A newly published roster spotlights the "global marketplace of ideas," and the thinkers behind them, including more than a few New York University scholars.

Six scholars at New York University have been placed on Foreign Policy’s list of the “Top 100 Global Thinkers 2012,” the magazine announced in its December issue.
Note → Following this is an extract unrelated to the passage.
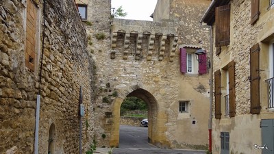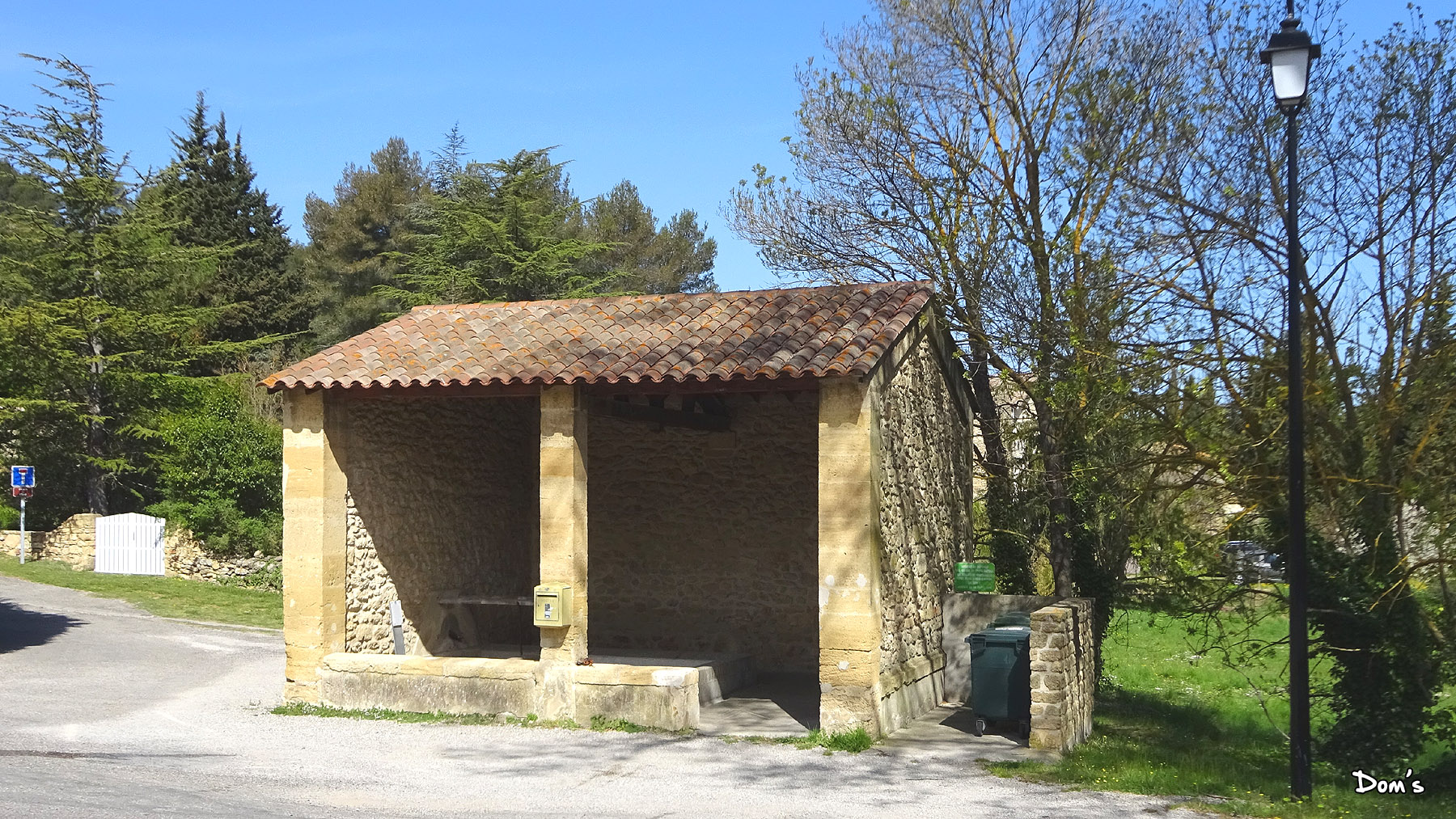 Note : La photo de gauche représente la maison des Templiers. Celle du milieu, une fontaine contemporaine qui a inspiré la bricole.

They include: danah boyd, research assistant professor of Media, Culture and Communication at the NYU’s Steinhardt School of Culture, Education, and Human Development; Chen Guangcheng of the NYU’s School of Law; Jonathan Haidt, Thomas Cooley Professor of Ethical Leadership, NYU’s Stern School of Business; Beth Noveck, visiting professor, NYU’s Robert F. Wagner Graduate School of Public Service; Paul Romer, professor of economics, NYU Stern, and director of its Urbanization Project; and Nouriel Roubini, professor of economics and international business, NYU Stern.

The following are excerpts from the magazine’s portraits of “2012’s global marketplace of ideas and the thinkers who make them”:

*  “dana boyd (not a typo: she stripped her name of capital letters in 2000) … warns Big Data isn't necessarily better data. ‘Will large-scale search data help us create better tools, services, and public goods?’ boyd and a co-author inquired in a paper this year. ‘Or will it usher in a new wave of privacy incursions and invasive marketing?’ ”

*  “…Chen [Guangcheng] has embraced his new role as an evangelist for human rights, making the case that incremental change -- one village or even one person at a time -- can eventually transform a superpower.”

*  “A leading member of a new generation of psychologists applying the insights of evolutionary theory to morality, [Jonathan] Haidt argues that we form political opinions not through simple reasoning but based on moral preferences humans have developed to reinforce ties to larger groups or tribes.”

*  “…[Beth Noveck] has … arguably done more than anyone to lay the foundations for a Washington that feels less like a cloistered village and more like an online public square.”

*  “[Paul] Romer deserves credit for showing the power of even an outlandish idea to make us reimagine the world’s poorest places.”

*  “[Nouriel] Roubini is more than just a bearer of bad news: He has become the gloomy bard of this age of financial upheaval.”